Leaving was a good idea for two reasons. One, I had written four novels and it seemed clear to everyone that writing was my central work. The question of priorities—how can you edit and write at the same time—seemed to me both queer and predictable; it sounded like “How can you both teach and create?” “How can a painter or a sculptor or an actor do her work and guide others?” But to many this edit–write combination was conflicting.
The second reason was less ambiguous. The books I had edited were not earning scads of money, even when “scads” didn’t mean what it means now. My list was to me spectacular: writers with outrageous talent (Toni Cade Bambara, June Jordan, Gayle Jones, Lucille Clifton, Henry Dumas, Leon Forrest); scholars with original ideas and hands-on research (William Hinton’s Shen Fan, Ivan Van Sertima’s They Came Before Columbus, Karen DeCrow’s Sexist Justice, Chinweizu’s The West and the Rest of Us); public figures eager to set the record straight (Angela Davis, Muhammad Ali, Huey Newton). And when there was a book that I thought needed doing, I found an author to write it. My enthusiasm, shared by some, was muted by others, reflecting the indifferent sales figures. I may be wrong about this, but even in the late seventies, acquiring authors who were certain sellers outranked editing manuscripts or supporting emerging or aging authors through their careers. Suffice it to say, I convinced myself that it was time for me to live like a grown-up writer: off royalties and writing only.
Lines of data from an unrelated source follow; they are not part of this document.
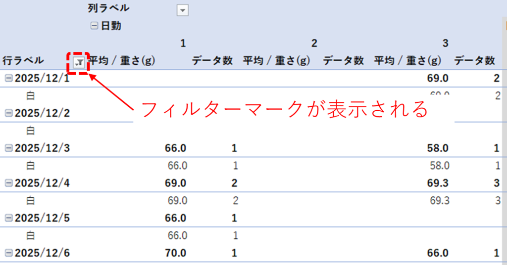 また行ラベルのプルダウンボタンにフィルターマークが表示されるようになるため、フィルターがかかっているかどうか一目でわかります。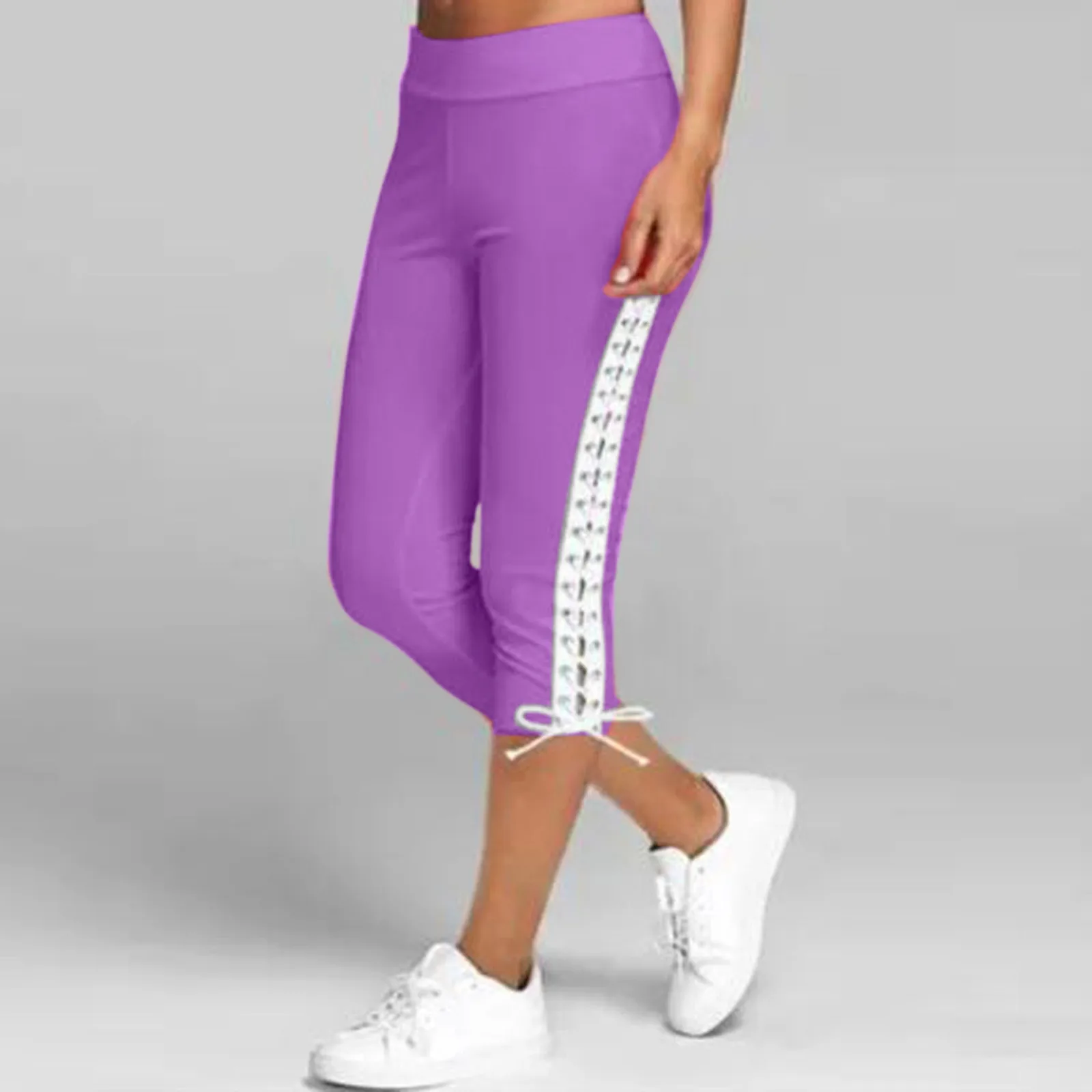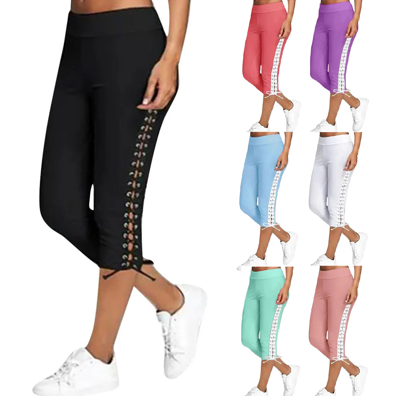 Леггинсы женские спортивные, модные однотонные бандажные укороченные с эластичным поясом, повседневные спортивные штаны для фитнеса, 2021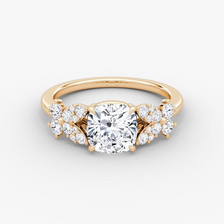 Introducing the Marigold Cushion Lab Diamond Ring, a stunning choice for engagements or special gifts. Its delicate garden bloom design and sparkling lab grown diamonds offer a perfect blend of beauty and sustainability. Embrace the elegance and eco-friendliness of this expertly-crafted ring today.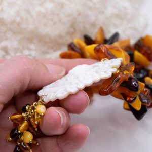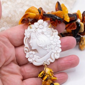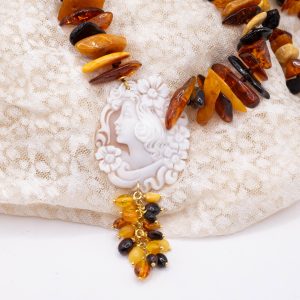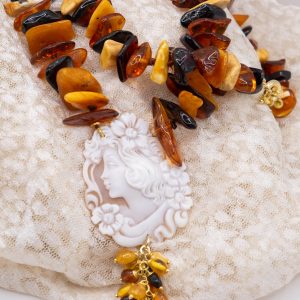 Let yourself be enveloped by the unique charm of Baltic amber, selected for its intense, warm, and luminous hues. Each pearl exudes a natural and precious aura, amplified by the enchanting cameo crafted in Torre del Greco, a true example of artisanal excellence.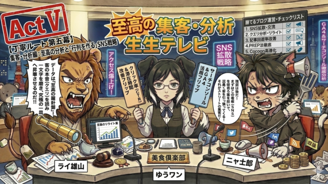 「パロディ」「ネタ」 第五幕:集客・分析(拡散)編〜至高の分析と「行列」の作り方〜 【読者の皆様へ:免責事項】 本ページは、特定の漫画作品に対する深いリスペクトに基づいた個人による二次創作(パロディ)です。登場するキャラクターは架空の動物化設定であり、公式作品とは一切関係ありません。 第五幕:集客・分析(拡散)編 〜至高の... 2026.03.08 「パロディ」「ネタ」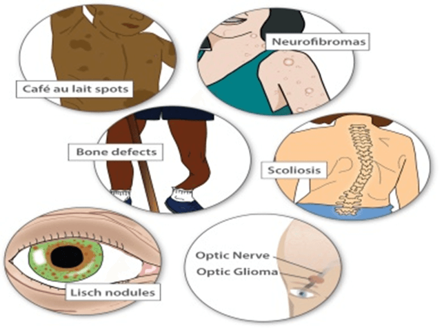 NF1 is a disorder characterized by the growth of noncancerous tumors called neurofibromas. Neurofibromas usually form on or just underneath the skin, as well as in the brain and peripheral nervous system. But they can also develop in other parts of the body, such as the eye. The disorder is caused by a mutation in a gene on chromosome 17. The gene codes for a protein called neurofibromin. This protein regulates the activity of another protein, called ras, which promotes cell division. When the NF1 gene is mutated, it usually leads to a shortened version of the neurofibromin protein that cannot bind to ras or regulate its activity. As a result, the ras protein is more active. Cells are told to begin dividing and never told when to stop, causing them to form tumors.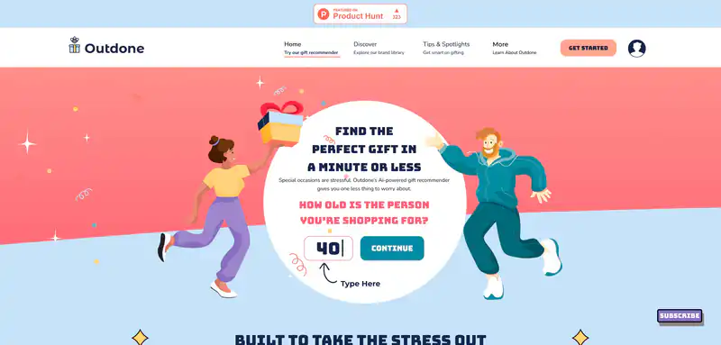 Outdone V2 — сервис подбора подарков на основе искусственного интеллекта. На сайте можно быстро найти идеальный подарок для любого человека, указав его возраст и интересы. Рекомендации по поиску подарков основываются на реальных данных потребителей и предлагаются продукты от сотен лучших мировых брендов. На сайте также есть раздел с советами по выбору подарков.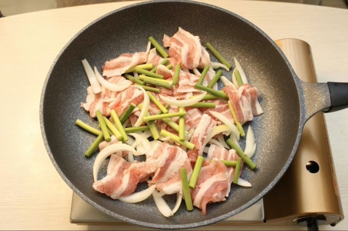 にんにくの芽4本を火が入るまで炒め、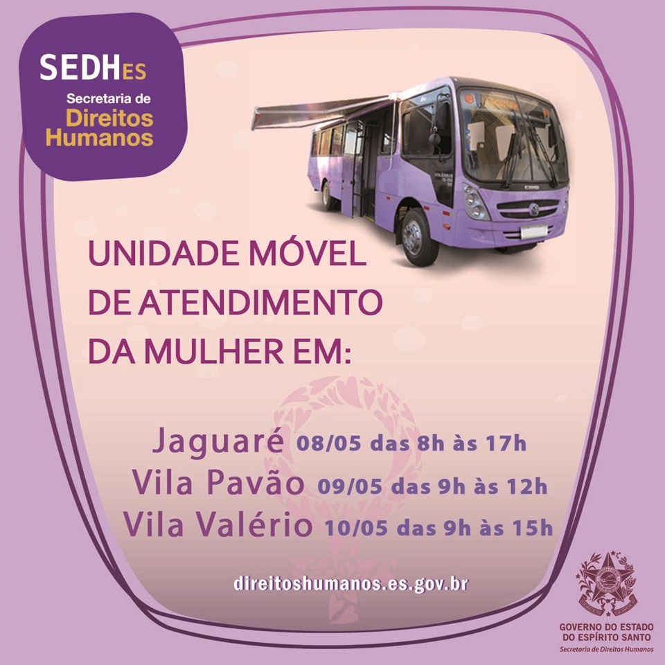 Nesta quarta-feira (09), o veículo vai estacionar no Centro de Vila Pavão, das 9h às 12h, para atender às mulheres do município, com orientações e serviços destinados a elas. No dia seguinte, quinta-feira (10), a unidade móvel chega a Vila Valério, para atender à população das 9h às 15h, no pátio da Secretaria Municipal de Agricultura.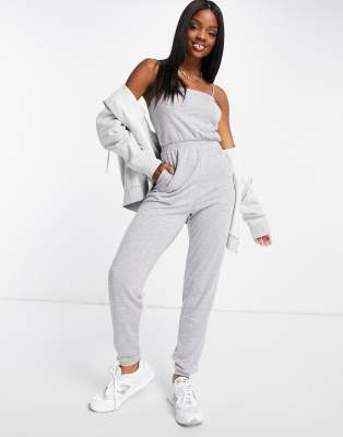 ASOS DESIGN ‑ Jogging-Jumpsuit aus Sweatstoff in Grau mit schmalen Trägern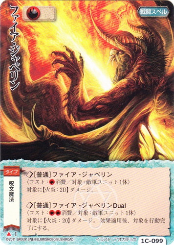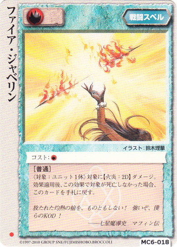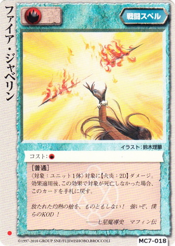 ![]() ![]() | ファイア・ジャベリン 戦闘スペル モンスター・コレクション ▲ 属性:火 [普通] ユニット1体に【火炎:2D】ダメージを与える。 illustrated by Rika Suzuki |

I don’t know what comic book that notion came from, but I grabbed it.
A few days after my last day at work, sitting in front of my house on the pier jutting out into the Hudson River, I began to feel an edginess instead of the calm I had expected. I ran through my index of problem areas and found nothing new or pressing. I couldn’t fathom what was so unexpectedly troubling on a day that perfect, watching a river that serene. I had no agenda and couldn’t hear the telephone if it rang. I heard my heart, though, stomping away in my chest like a colt. I went back to the house to examine this apprehension, even panic. I knew what fear felt like; this was different. Then it slapped me: I was happy, free in a way I had never been, ever. It was the oddest sensation. Not ecstasy, not satisfaction, not a surfeit of pleasure or accomplishment. It was a purer delight, a rogue anticipation with certainty. Enter Beloved.
I think now it was the shock of liberation that drew my thoughts to what “free” could possibly mean to women. In the eighties, the debate was still roiling: equal pay, equal treatment, access to professions, schools…and choice without stigma. To marry or not. To have children or not. Inevitably these thoughts led me to the different history of black women in this country—a history in which marriage was discouraged, impossible, or illegal; in which birthing children was required, but “having” them, being responsible for them—being, in other words, their parent—was as out of the question as freedom. Assertions of parenthood under conditions peculiar to the logic of institutional enslavement were criminal.
The idea was riveting, but the canvas overwhelmed me. Summoning characters who could manifest the intellect and the ferocity such logic would provoke proved beyond my imagination until I remembered one of the books I had published back when I had a job. A newspaper clipping in The Black Book summarized the story of Margaret Garner, a young mother who, having escaped slavery, was arrested for killing one of her children (and trying to kill the others) rather than let them be returned to the owner’s plantation. She became a cause célèbre in the fight against the Fugitive Slave laws, which mandated the return of escapees to their owners. Her sanity and lack of repentance caught the attention of Abolitionists as well as newspapers. She was certainly single-minded and, judging by her comments, she had the intellect, the ferocity, and the willingness to risk everything for what was to her the necessity of freedom.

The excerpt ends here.